24 October 2009

Final MIAF 2009 thoughts

MIAF 2009
A Reflection. Nah, it's a rant.


 It's the last Saturday evening of the 2009 Melbourne International Arts Festival and I'm willingly sitting at home at my computer in my trackie daks. Something just isn't right.

This afternoon I saw my last MIAF event, Peter Greenaway's Leonardo's Last Supper, and I liked it.

I don't know what anyone else thought about it though. In fact, I’m not too sure what anyone else (apart from a couple of my friends) thought about this festival, because we're not talking about it. And by ‘we’, I mean Melbourne’s artists, art fanciers and festival junkies (those of us in the age, income, interest and education bracket known as the ‘festival demographic). This year I'm not hearing the opinions and thoughts of all these other like-minded souls. Or drinking with them.

Brett Sheehy holds the artistic reins of the festival for this year and the next. Having hung out (and worked) at arts festivals for many years, I try not to compare Artistic Directors. Each have their own vision and bring us bloody amazing stuff*.

Brett, for letting me see Peeping Tom's Le Salon, thank you, thank you, thank you –  but where's our festival gone? Why aren't we talking? Why isn't this program inspiring us to create? Why doesn’t this festival feel like ours?

Don't get me wrong, the shows I’ve seen has been terrific, but I haven't taken a single risk, I haven't seen anything that has made me re-think how I feel about theatre and I haven't seen anything that I've hated.

Over the four years that Kristy Edmunds created the program, each year had all of these element, with programs that gave us perfected masterpieces and brand new work, and still left room for creativity, which means giving artists the freedom to experiment and perhaps make mistakes.  Her programs gave me a new perspective about why we 'consume' and make art.
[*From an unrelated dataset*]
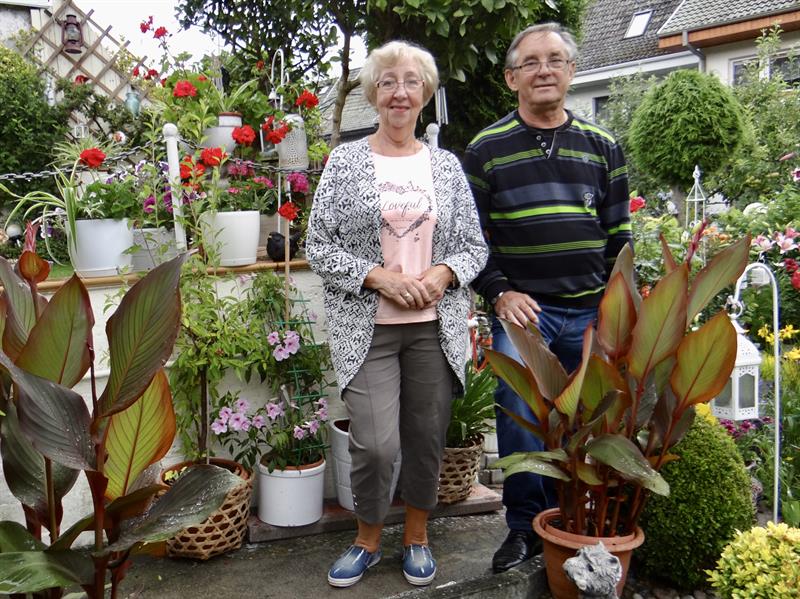 Na zdjęciu: Elżbieta i Jerzy Gajdul w swoim przydomowym królestwie kwiatów, które zwykli też nazywać prywatnym rajem na ziemi.

I found arts forms I had never seen, I discovered artists who changed how I think and I even began to understand and love contemporary dance!

And, more importantly, I’ve seen how these programs have influenced the art created in Melbourne, and not just the local work created for the festival. Forced Entertainment’s Bloody Mess tentacles are still tickling our independent artists and I'm always glimpsing a Lone Twin shadow.
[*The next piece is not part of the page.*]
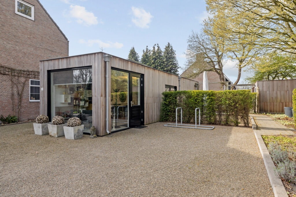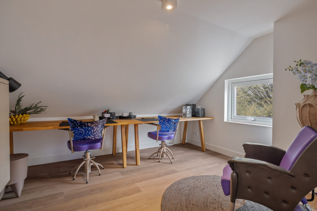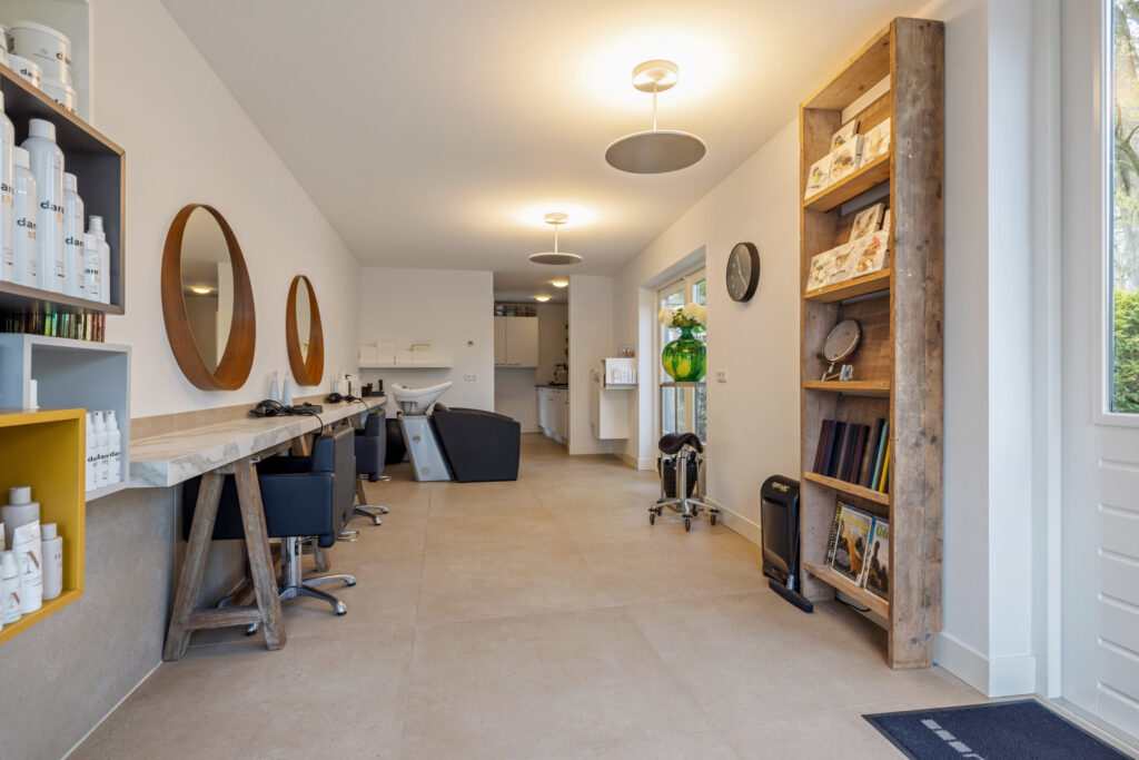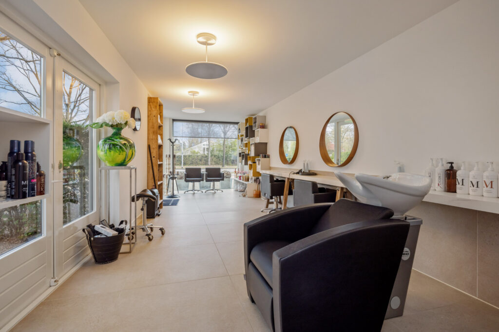 Via het overdekte terras bereikt u een volledig zelfstandige ruimte, momenteel ingericht als kapsalon. Deze ruimte beschikt over een eigen keukenblok, modern toilet en openslaande deuren naar zowel het terras als de oprit. Ideaal voor een praktijk of onderneming aan huis.

But tonight I'm not line dancing with strangers in silence outside of the Malthouse, I’m not wondering how many pink drinks until I’m brave enough to talk to someone like Robert Wilson without gushing like a school girl, I’m not wishing that I hadn’t left my program on a table after I’d written review notes that included ‘utter wank’, and ‘who the fuck let these people on a stage’ (I now only write notes in a note book) and I’m not taking a risk and seeing someone I had never heard of. I’m at home and there might even be a good movie on the telly.
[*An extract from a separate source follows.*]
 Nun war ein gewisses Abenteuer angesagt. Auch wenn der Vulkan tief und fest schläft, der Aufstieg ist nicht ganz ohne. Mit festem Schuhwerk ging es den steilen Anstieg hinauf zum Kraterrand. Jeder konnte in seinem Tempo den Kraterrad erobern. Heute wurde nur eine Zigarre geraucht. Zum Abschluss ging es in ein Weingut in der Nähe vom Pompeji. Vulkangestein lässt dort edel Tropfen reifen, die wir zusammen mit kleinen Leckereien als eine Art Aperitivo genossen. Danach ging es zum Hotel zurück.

If this were last year, I would have left The Last Supper and headed to the Artists Lounge, where I would have ordered a soy latte and a small sultana scroll as I chatted to the barista about the show and they told me what they thought about it. I would have found a quiet corner and typed up a rave about Greenaway and what a pretentious wanker he is and how I love him for being a pretentious wanker and mentioned that no matter what crap he makes, The Cook, The Thief, His Wife and Her Lover is so wonderful that nothing else matters. While doing so, I might have discussed with someone I knew and someone I hadn't met before the nature of contemporary Christianity and our how we do or don't value visual art. Then I would have sat outside in the sun, ordered a fizzy pink grapefruit juice while Simon changed my mind and gave me another Festival cocktail, before going to the box office and buying a ticket for whatever show I somehow hadn't seen yet. Seen the art. Then gone back to the lounge, met friends, ordered food, made new friends and despaired that this wonderful event is over for another year.

Seeing the art is such a small part of the experience. Just seeing a show is like sex without the compliments and a cocktail beforehand or a cuddle, a chat and a late night pizza after. I'm not saying that this year's art is like paying a prostitute, but it's feeling like a commodity again. It's something people pay for because it's 'quality'; it's 'Art'. It’s not something that includes those outside of the ‘demographic’, it’s not making us think too hard and it's not giving us the space or the content to make us talk.


*So why couldn't the Adelaide Festival board have trusted Peter Sellars? I know it's been years and it's forgotten – but this may be my only chance to rant.

AND, in case Media Watch are watching, I was one of the lucky folk to work for the 2005 festival. It was a great job, but also the job that made me realise that I didn't want to be an arts manager anymore; that a knack with budgets, a frightening knowledge of risk and an ability to write a tight contract may be worthwhile and admirable skills but they weren't what I was about and were turning me into an uninteresting and miserable person. So now I sit in classes with people half my age and am learning how to write. (I still do bits of the other stuff, but it's no longer what I am.)